Inodilators – Phosphodiesterase (PDE3) Inhibitors

• Increase cAMP in the heart and vasculature.
• Cause systemic vasodilation, mild-to-moderate positive inotropy, and tachycardia.
• Used only for acute heart failure and increase mortality and arrhythmogenic potential in chronic failure. Drugs including Milrinone and Inamrinone are examples.

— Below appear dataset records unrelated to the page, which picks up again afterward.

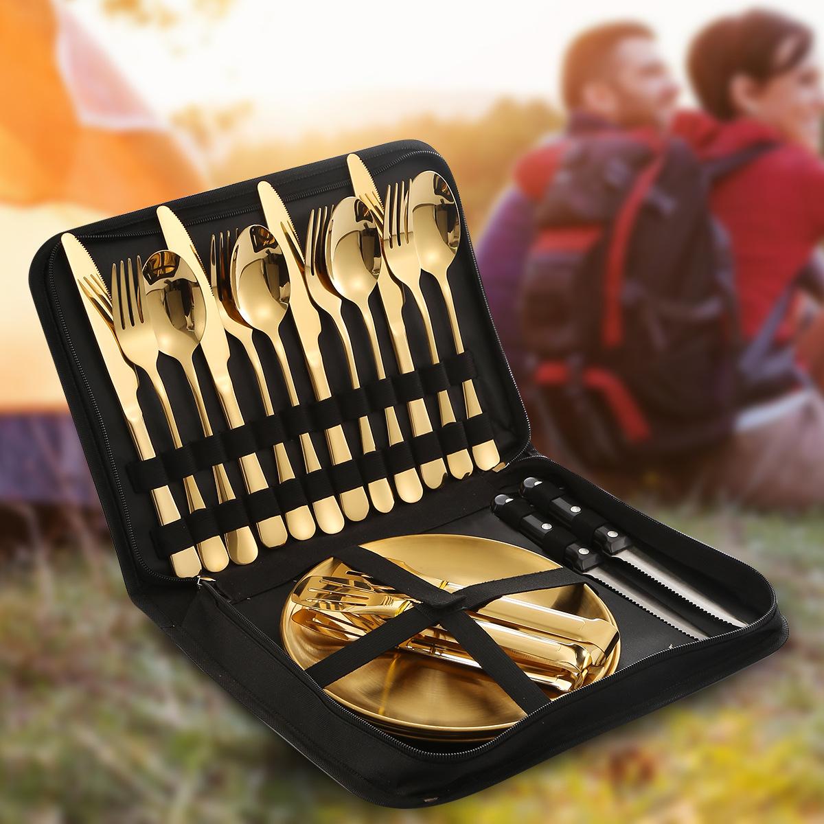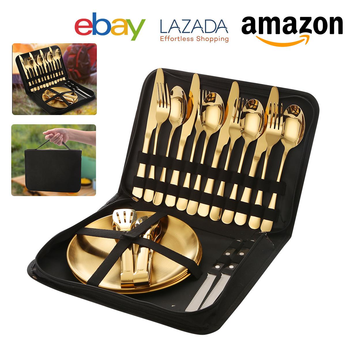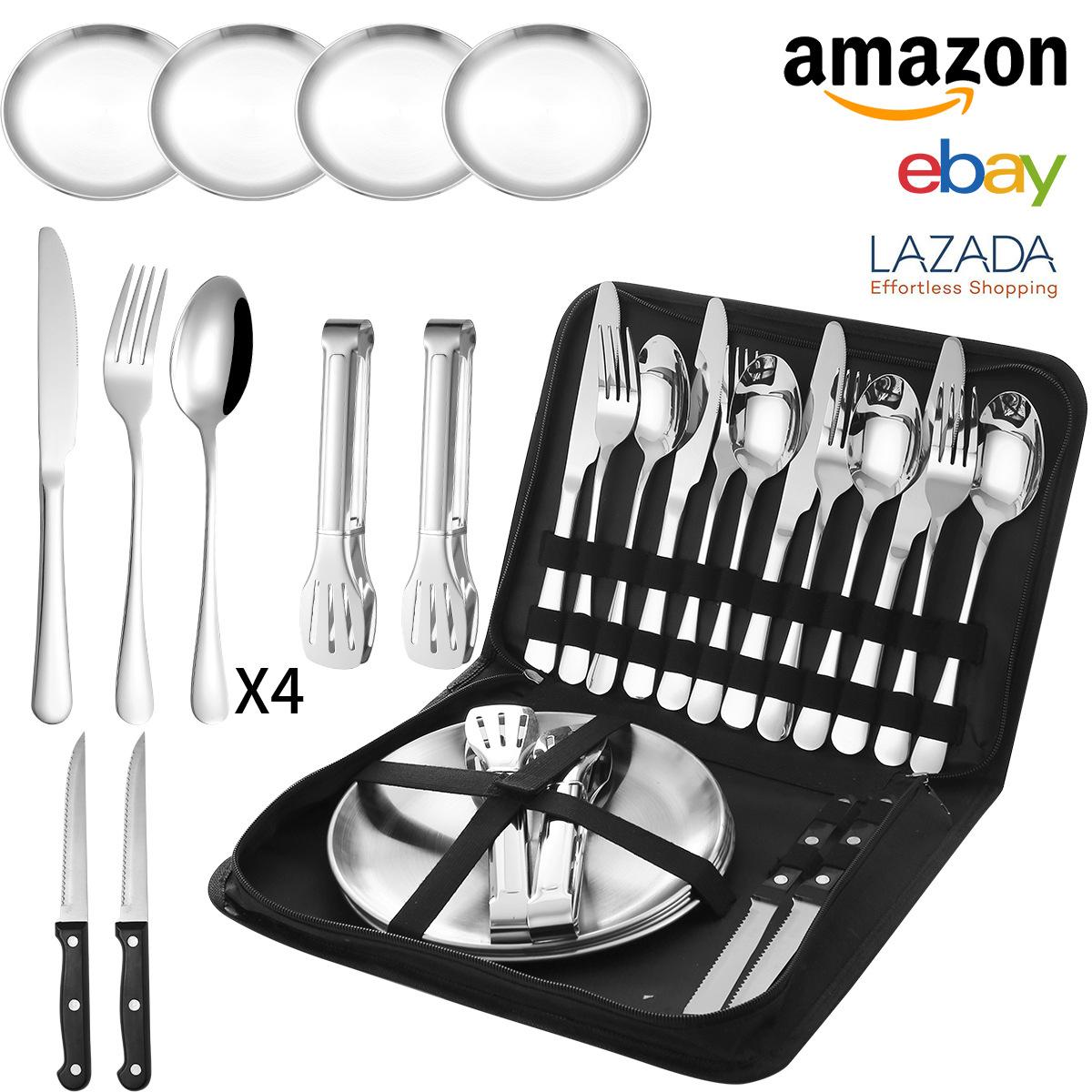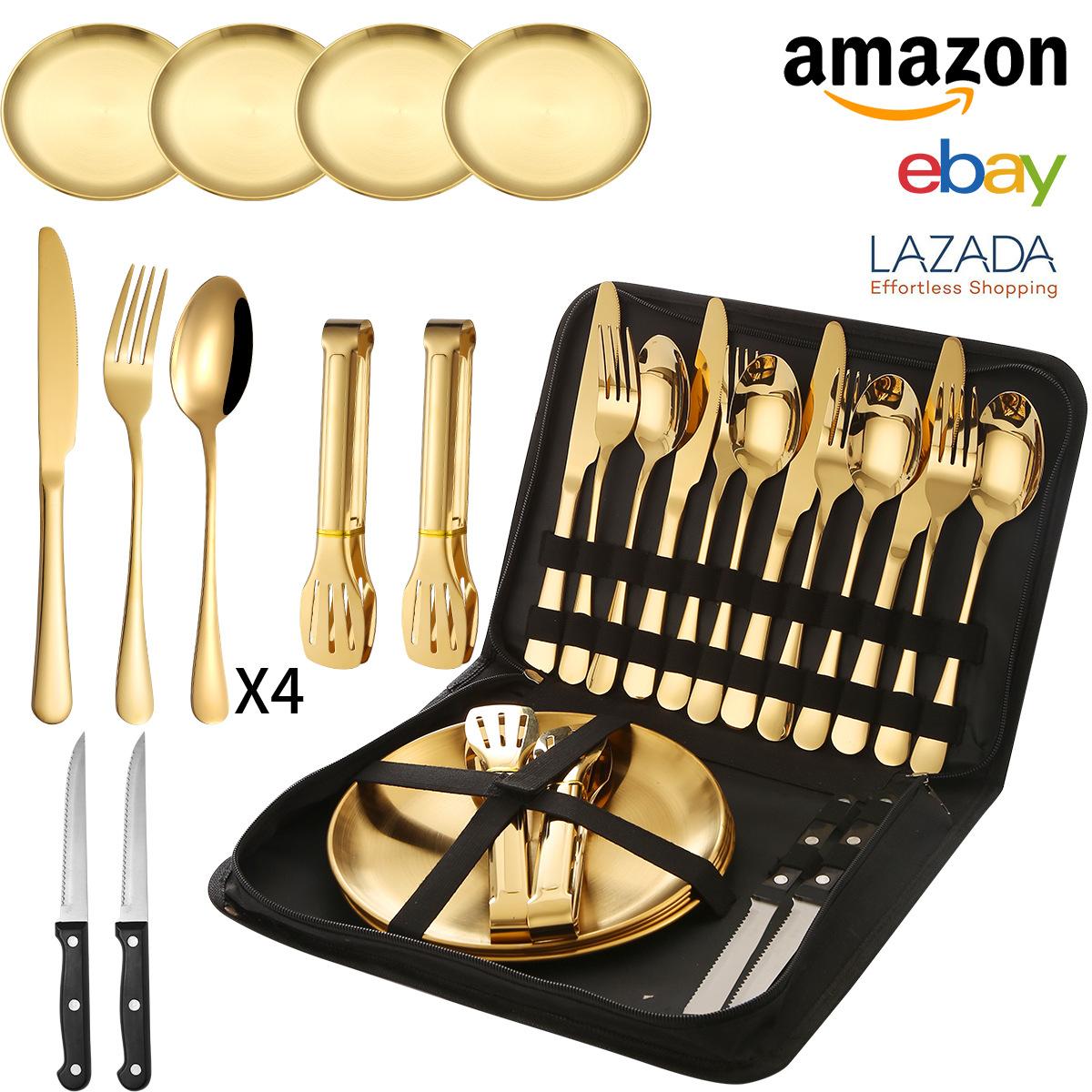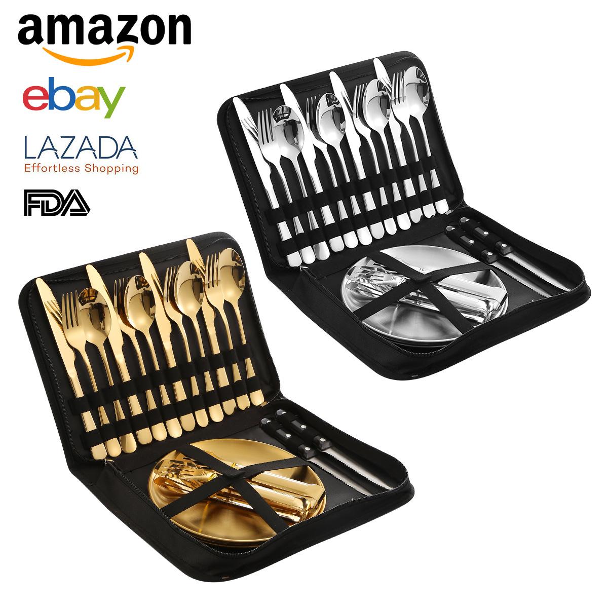Vajilla de acero inoxidable 1010 de Amazon transfronteriza, juego de 20 piezas con cuchillo, tenedor y cuchara, vajilla occidental práctica, cuchillo, tenedor y cuchara para carne
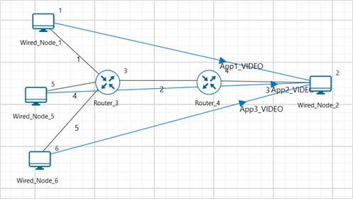 Step 5: Configure CBR application between Wired node 1 and Wired node 2 by clicking on Set traffic tab from the ribbon on top. To configure application properties, click on created application and set the Packet Size to 1460 Bytes and Inter Arrival Time to 1168 microseconds by keeping the transport layer to TCP.
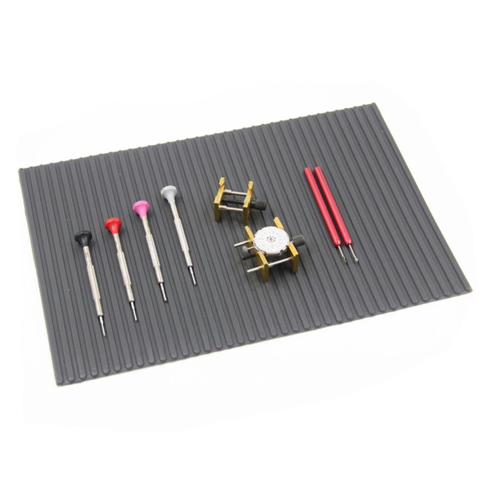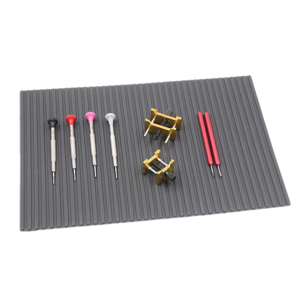 Product Description Features: Made of quality rubber material, which is durable, sturdy and for long time use. Can place watch repair tools and avoid sliding away, keep the work table clean. Protect your watch tool from scratch, suitable for various watch repair tools. The mat is folding, storage does not take up space and is easy to carry. Suitable for watchmakers and watch repairing workers to use. Specifications: Condition: 100% Brand New Item Type: Watch Mat Material: Rubber Size: Approx. 29x20.5cm/11.4x8.1in Package include: 1 x Watch Mat Shipping Returns Contact Us Payment 1. Items sent from US warehouse. 2. Receiving time = Processing time + Shipping time. 3. Pro cessing Time: Around 1-2 business Days. 4. Shipping Time: 3-5 business day. it may have a little delay during some holiday (such as Christmas), any problem, please feel free to contact. 1. 30 days warranty from the purchased date. Please contact us via email before returning the defective item. 2. Our warranty does not extended to any product that are physically damaged or that are not under normal operating conditions as result of misuse or improper installation on the buyer/user's part. 3. Return items should include the original packaging and all accessories. buyers MUST contact us for the returning address. 4. In all cases, buyers pay shipping fees at their own cost to return products for exchange or refund. We will be responsible for the postage of replacements. Refund will be made upon receipt of the returned item. If you have any question, please e-mail us immediately, we will reply you as quickly as possible. We care about our valued customers, and will always try to help you. We accept all verified payment from eBay. Shipping 1. Items sent from US warehouse. 2. Receiving time = Processing time + Shipping time. 3. Pro cessing Time: Around 1-2 business Days. 4. Shipping Time: 3-5 business day. it may have a little delay during some holiday (such as Christmas), any problem, please feel free to contact. Returns 1. 30 days warranty from the purchased date. Please contact us via email before returning the defective item. 2. Our warranty does not extended to any product that are physically damaged or that are not under normal operating conditions as result of misuse or improper installation on the buyer/user's part. 3. Return items should include the original packaging and all accessories. buyers MUST contact us for the returning address. 4. In all cases, buyers pay shipping fees at their own cost to return products for exchange or refund. We will be responsible for the postage of replacements. Refund will be made upon receipt of the returned item. Contact Us If you have any question, please e-mail us immediately, we will reply you as quickly as possible. We care about our valued customers, and will always try to help you. Payment We accept all verified payment from eBay. You may also like 2Pcs Dryer Roller Wheel Drum Support Kit Replacement Part For Maytag Whirlpool 18.91 USD 3.99 USD 8PCS Hair Clipper Cutting Guide Combs With Metal Clip Replacement Tools For WAHL 13.38 USD 3.99 USD Leather Cushion Face Cover Eye Foam Mask Pad Anti-Sweat For Oculus Quest 2 VR 15.94 USD 18 Grids Watch Tiny Parts Storage Box Plastic Repair Acc Container + Dust Cover 11.75 USD Metal Bead Eyeglass Chain Glasses Strap Holder Lanyard Sunglasses Non-slip 8.93 USD Soft Rubber Dust Blower Air Pump Cleaner Watch & Camera PCB Repair Cleaning Tool 4.61 USD 3.99 USD powered by
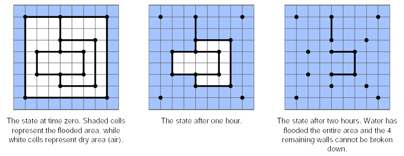 在剛開始時,整個座標平面是乾的。在時間0時,洪水瞬間地淹沒最外圍(沒有牆壁包圍的空間)。在正好一個小時後,每個牆壁若有一側是水而另一側是空氣的話,就會因水壓的關係而毀壞,洪水然後會淹沒任何沒有被牆壁完整包圍的新區域。這時,將又會有新的牆壁一側是水而另一側是空氣,再經過另一個小時後,這些牆壁也會毀壞而洪水繼續氾濫。這個過程將持續直到洪水淹沒整個區域為止。
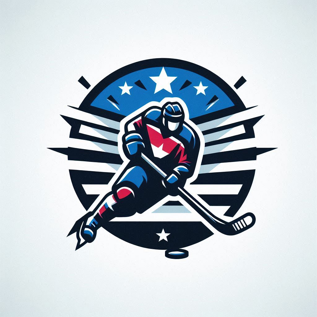 A dynamic hockey player skates while puck moves, surrounded by a star-adorned background.
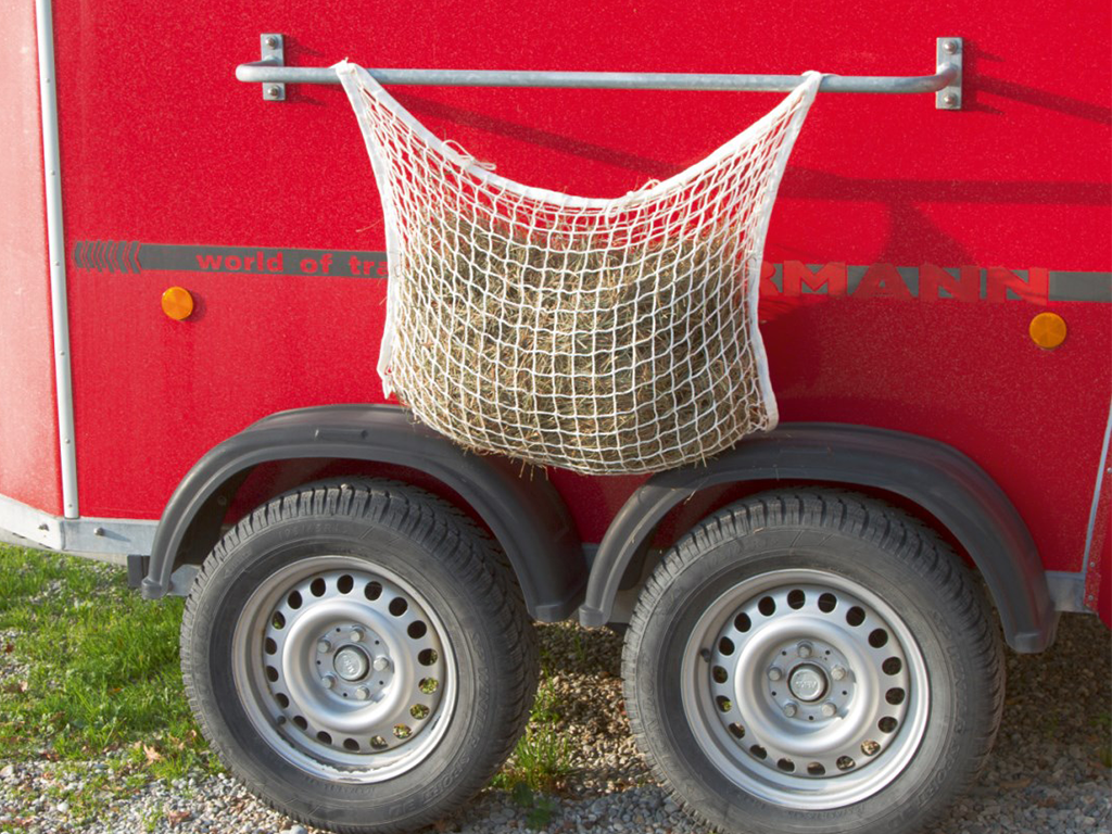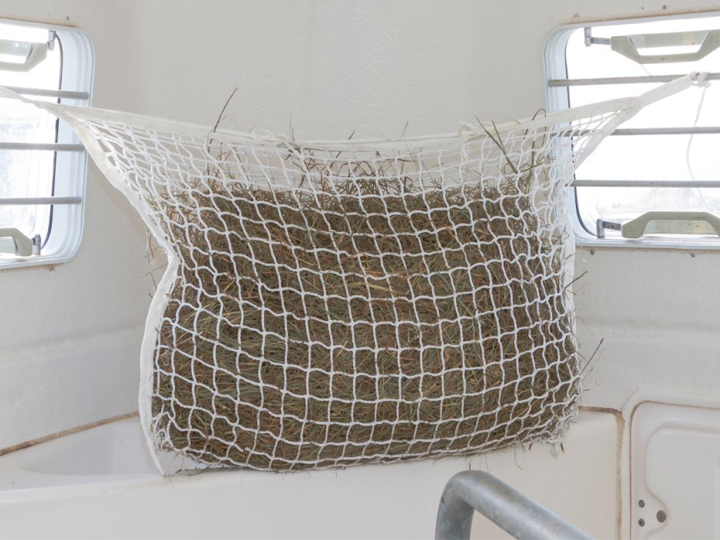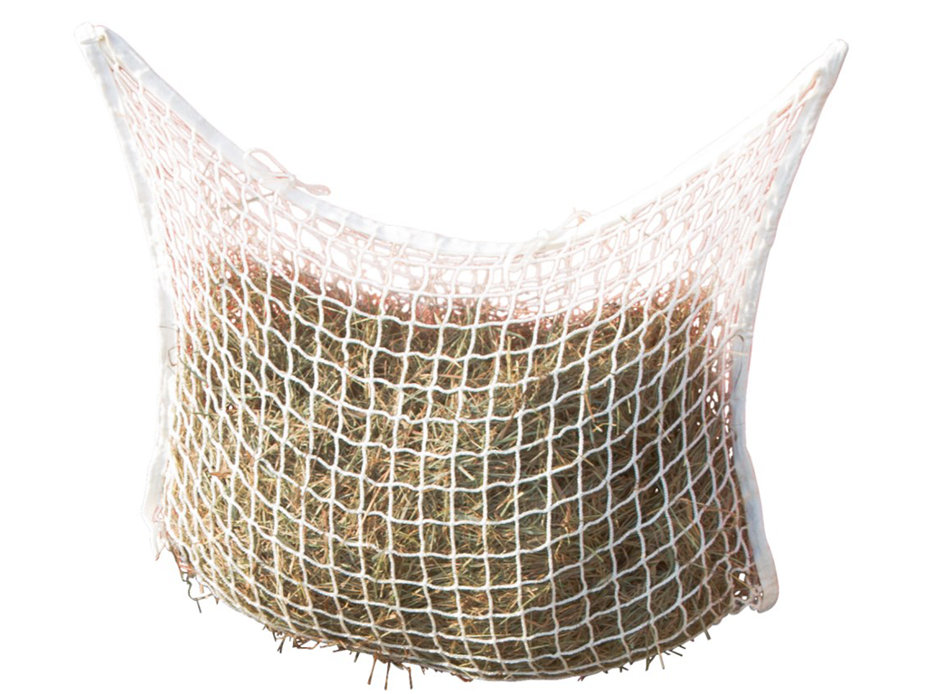 Plasă de fân , dimensiunea ochiurilor 3x3 cm , extra rezistentă la rupere , potrivită pentru ponei și remorci, ajută la hrănirea corectă, reduce cu până la 30% risipa de furaje , capacitate 4 kg, dimensiuni 90x60 cm .
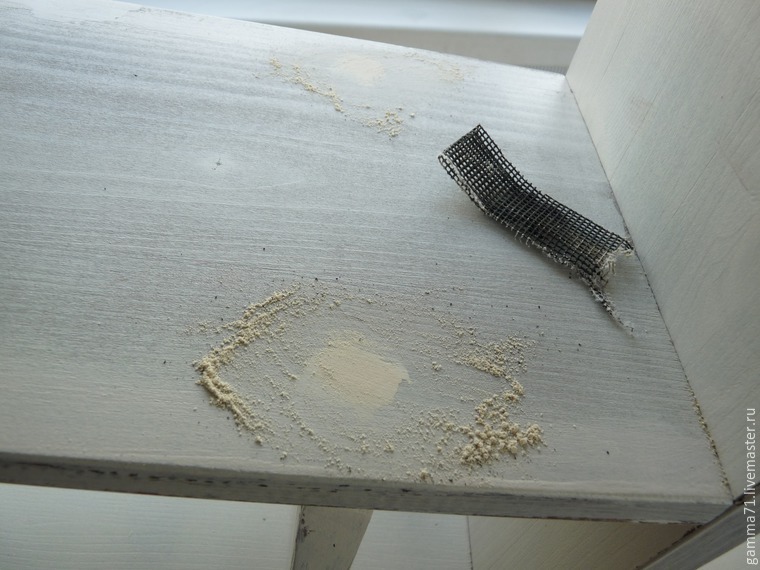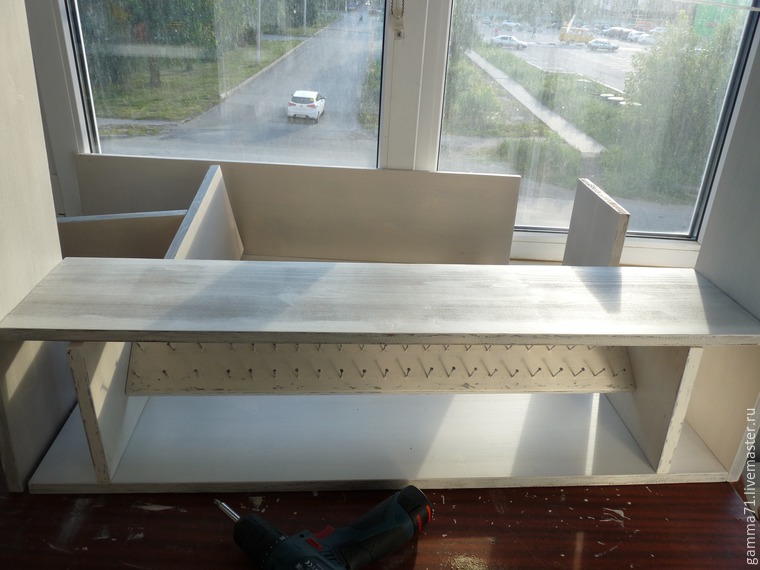 Наверняка, будет комментарий, что закрашивать неповторимый рисунок сосновой доски чуть ли не преступление, но я видела свою полку именнно окрашенной в светлые тона и немного состаренной. Объясняю почему: она должна была вписаться в интерьер, который меня окружает, а он наполнен белой мебелью в классическом стиле.

Cardiac Glycosides (Digoxin)

• Inhibit Na+/K+-ATPase, leading to intracellular Ca++ increase, enhancing inotropy, and increasing ejection fraction.
• Decrease heart rate (parasympathomimetic effect).
• Inhibit sympathetic activity.
• Low therapeutic index; easily toxic.

Pharmacokinetics

• Digoxin has a half-life of 40 hours and requires renal elimination.
• Digitalization (reaching steady state without loading doses) takes 5-7 days.
• Renal function and lean body mass are crucial considerations.
• Digoxin toxicity is increased by low potassium, low magnesium, and high calcium.

SGLT2 Inhibitors

• Lower blood glucose by inhibiting SGLT2.
• Increase urinary glucose excretion.
• Cause natriuresis, diuresis, and lower arterial pressure, without increasing heart rate.
• Clinical trials show benefits for HFpEF (with or without diabetes) and in patients with mildly reduced ejection fractions (HFmrEF). These generally improve diastolic stiffness and diastolic function.

Acute vs. Chronic Therapy in HFrEF

• Acute systolic failure: Loop diuretics, arterial and mixed vasodilators, PDE inhibitors, and sympathomimetics (beta agonists).
• Chronic systolic failure: Diuretics, ACEIs, ARBs, ARNI, newer beta-blockers, and SGLT2 inhibitors.

HFpEF: Drug Treatment Guidelines

• No clearly defined guidelines; treatment focuses on comorbidities. Common drugs include: beta-blockers, calcium-channel blockers (e.g., verapamil), SGLT2 inhibitors, aldosterone receptor antagonists, and diuretics if necessary for severe edema. Also, K+-sparing diuretics are key.